Os pesquisadores identificaram uma forte correlação entre as altas temperaturas na Floresta Amazônica e no Planalto Tibetano; o desmatamento na Amazônia provavelmente influencia a neve no Tibete através de um percurso de 20 mil quilômetros movido por padrões de circulação atmosférica e oceânica.
O estudo sugere que uma Amazônia saudável e funcional é crucial não apenas para o clima regional no Brasil, mas para todo o sistema terrestre.
Na Amazônia, o ponto de inflexão é a capacidade da floresta de se sustentar por si própria. O processo de transição, levado pelo desmatamento com mudanças do cima já alterou vários aspectos do seu ecossistema. Um deles é a fotossíntese, processo realizado pelas plantas para a produção de energia, no qual a captura de CO2 é essencial. “Sob o estresse de temperaturas mais elevadas, a quantidade de gás carbônico assimilada pela fotossíntese da floresta está diminuindo drasticamente”.
Outra mudança importante é sobre a precipitação de chuvas. “Muitas áreas do nosso planeta já estão começando a ficar muito mais secas, e uma delas é a área central do Brasil e a parte oriental da Amazônia, onde há decréscimo muito significativo da precipitação. Já a área mediterrânea da Europa (sul da Espanha, Portugal e Itália) está em processo acelerado de desertificação, assim como na América Central e na parte central dos EUA. “Isso traz um ingrediente crítico para a produção de alimentos. E não se trata de uma previsão para o futuro. Isso já está acontecendo.”
O alerta foi feito pelo cientista Paulo Artaxo, professor do Instituto de Física da Universidade de São Paulo (IF-USP) e autor-líder de um capítulo do mais recente relatório do Painel Intergovernamental sobre Mudanças Climáticas (IPCC), em uma palestra na conferência anual do Centro de Pesquisa para Inovação em Gases de Efeito Estufa (RCGI).
Qualquer dano, é muito difícil de ser recuperado, toda a vez que ocorreram extinções de espécies associadas ao clima, e isso ocorreu várias vezes, foram necessários milhões de anos para o ecossistema se recuperar.
Por isso é importante a preservação da biodiversidade (conjunto de todos os seres vivos existentes, o que inclui todas as plantas, animais e microorganismos da Terra). Pois é justamente essa diversidade e a interação entre estas diferentes espécies que torna nosso planeta tão especial.

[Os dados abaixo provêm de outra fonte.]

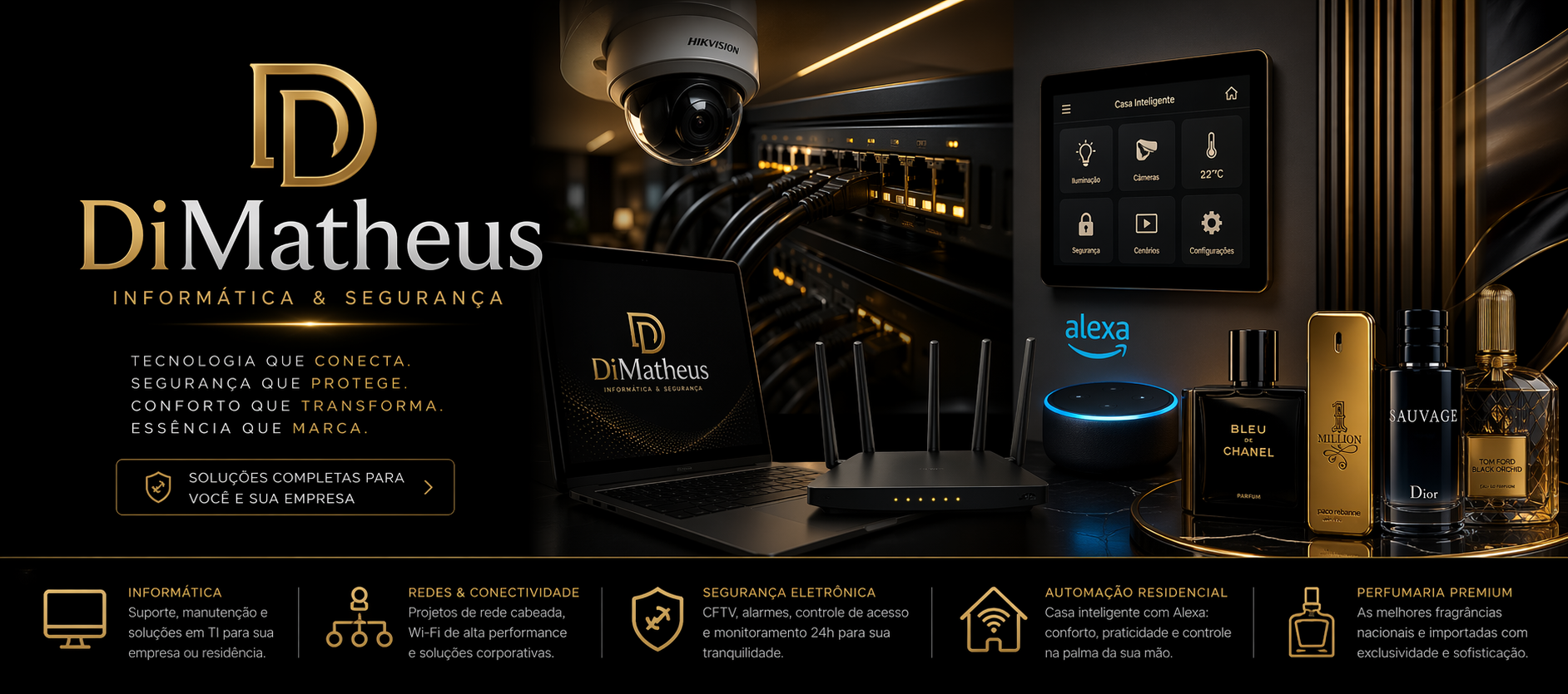 A DiMatheus Informática & Segurança reúne soluções para empresas e residências com atendimento rápido, presença profissional e uma loja virtual elegante pronta para gerar oportunidades.

Como a maior floresta tropical do mundo, a Amazônia possui a maior biodiversidade, com uma em cada dez espécies conhecidas.
Assegurar a biodiversidade é importante porque ela garante maior sustentabilidade natural para todas as formas de vida, e ecossistemas saudáveis e diversos podem se recuperar melhor de desastres, como queimadas.
Preservar a biodiversidade amazônica, portanto, quer dizer contribuir para estabilizar outros ecossistemas.